[Opening Supplied records section]
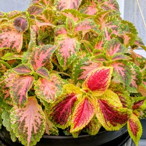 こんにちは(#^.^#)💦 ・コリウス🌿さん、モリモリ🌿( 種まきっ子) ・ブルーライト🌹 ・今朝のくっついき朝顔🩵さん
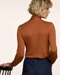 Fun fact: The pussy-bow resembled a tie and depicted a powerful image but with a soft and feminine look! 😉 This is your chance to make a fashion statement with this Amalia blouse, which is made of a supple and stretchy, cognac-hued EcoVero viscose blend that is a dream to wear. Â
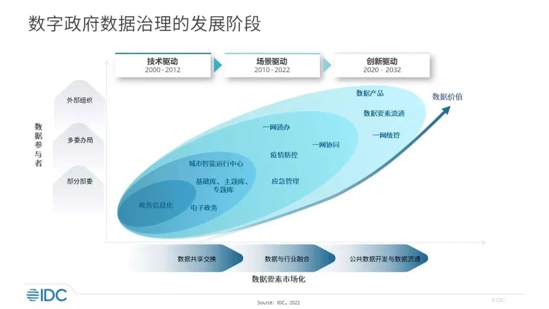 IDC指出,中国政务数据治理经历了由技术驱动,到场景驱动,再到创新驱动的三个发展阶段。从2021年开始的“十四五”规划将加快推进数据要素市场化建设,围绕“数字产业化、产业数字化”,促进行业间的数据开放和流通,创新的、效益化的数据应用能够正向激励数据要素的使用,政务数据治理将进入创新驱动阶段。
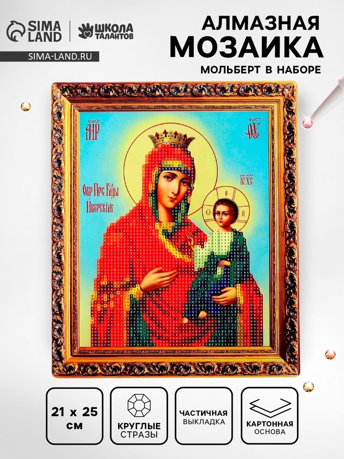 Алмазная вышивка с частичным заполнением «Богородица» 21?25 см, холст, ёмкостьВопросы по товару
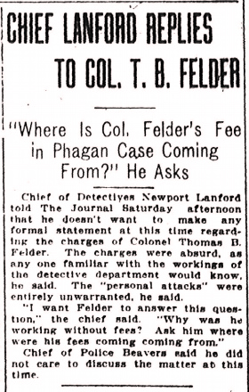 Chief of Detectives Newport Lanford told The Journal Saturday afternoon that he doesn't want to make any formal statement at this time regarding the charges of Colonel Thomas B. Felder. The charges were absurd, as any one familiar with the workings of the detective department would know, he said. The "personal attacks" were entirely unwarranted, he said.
[Closing Supplied records section]
→ Action item
Please print the records above once more, word for word, omitting all pictures.

→ Solution for this task
 こんにちは(#^.^#)💦 ・コリウス🌿さん、モリモリ🌿( 種まきっ子) ・ブルーライト🌹 ・今朝のくっついき朝顔🩵さん
 Fun fact: The pussy-bow resembled a tie and depicted a powerful image but with a soft and feminine look! 😉 This is your chance to make a fashion statement with this Amalia blouse, which is made of a supple and stretchy, cognac-hued EcoVero viscose blend that is a dream to wear. Â
 IDC指出,中国政务数据治理经历了由技术驱动,到场景驱动,再到创新驱动的三个发展阶段。从2021年开始的“十四五”规划将加快推进数据要素市场化建设,围绕“数字产业化、产业数字化”,促进行业间的数据开放和流通,创新的、效益化的数据应用能够正向激励数据要素的使用,政务数据治理将进入创新驱动阶段。
 Алмазная вышивка с частичным заполнением «Богородица» 21?25 см, холст, ёмкостьВопросы по товару
 Chief of Detectives Newport Lanford told The Journal Saturday afternoon that he doesn't want to make any formal statement at this time regarding the charges of Colonel Thomas B. Felder. The charges were absurd, as any one familiar with the workings of the detective department would know, he said. The "personal attacks" were entirely unwarranted, he said.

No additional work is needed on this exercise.